Using XElement.Load will load the whole file into the memory. Instead, use XmlReader with the XNode.ReadFrom function, where you can selectively load notes found by XmlReader with XElement for further processing, if you need to. MSDN has a very good example doing just that: http://msdn.microsoft.com/en-us/library/system.xml.linq.xnode.readfrom.aspx
If you just need to search the xml document, XmlReader alone will suffice and will not load the whole document into the memory.
Gabriel,
Dude, this isn't exactly answering your ACTUAL question (How to read big xml docs using linq) but you might want to checkout my old question What's the best way to parse big XML documents in C-Sharp. The last "answer" (timewise) was a "note to self" on what ACTUALLY WORKED. It turns out that a hybrid document-XmlReader & doclet-XmlSerializer is fast (enough) AND flexible.
BUT note that I was dealing with docs upto only 150MB. If you REALLY have to handle docs as big as 8GB? then I guess you're likely to encounter all sorts of problems; including issues with the O/S's LARGE_FILE (>2GB) handling... in which case I strongly suggest you keep things as-primitive-as-possible... and XmlReader is as primitive as possible (and THE fastest according to my testing) XML-parser available in the Microsoft namespace.
Also: I've just noticed a belated comment in my old thread suggesting that I check out VTD-XML... I had a quick look at it just now... It "looks promising", even if the author seems to have contracted a terminal case of FIGJAM. He claims it'll handle docs of upto 256GB; to which I reply "Yeah, have you TESTED it? In WHAT environment?" It sounds like it should work though... I've used this same technique to implement "hyperlinks" in a textual help-system; back before HTML.
Anyway good luck with this, and your overall project. Cheers. Keith.

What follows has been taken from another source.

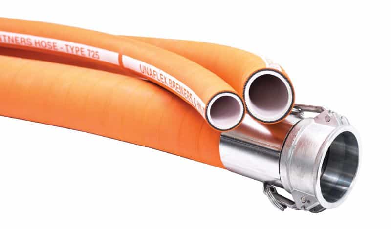 The 726 Series Brewer’s Hose is a multi-purpose high pressure sanitary FDA discharge hose, suitable for moderate vacuum to full vacuum, designed to transfer a wide range of food and beverage products. The smooth white tube will not impart taste or odor. The cover offers excellent oil, weather and abrasion resistance. Suitable for steam cleaning at 250°F for 15 minutes.

I realize that this answer might be considered non-responsive and possibly annoying, but I would say that if you have an XML file which is 8GB, then at least some of what you are trying to do in XML should be done by the file system or database.
If you have huge chunks of text in that file, you could store them as individual files and store the metadata and the filenames separately. If you don't, you must have many levels of structured data, probably with a lot of repetition of the structures. If you can decide what is considered an individual 'record' which can be stored as a smaller XML file or in a column of a database, then you can structure your database based on the levels of nesting above that. XML is great for small and dirty, it's also good for quite unstructured data since it is self-structuring. But if you have 8GB of data which you are going to do something meaningful with, you must (usually) be able to count on some predictable structure somewhere in it.
Storing XML (or JSON) in a database, and querying and searching both for XML records, and within the XML is well supported nowadays both by SQL stuff and by the NoSQL paradigm.
Of course you might not have the choice of not using XML files this big, or you might have some situation where they are really the best solution. But for some people reading this it could be helpful to look at this alternative.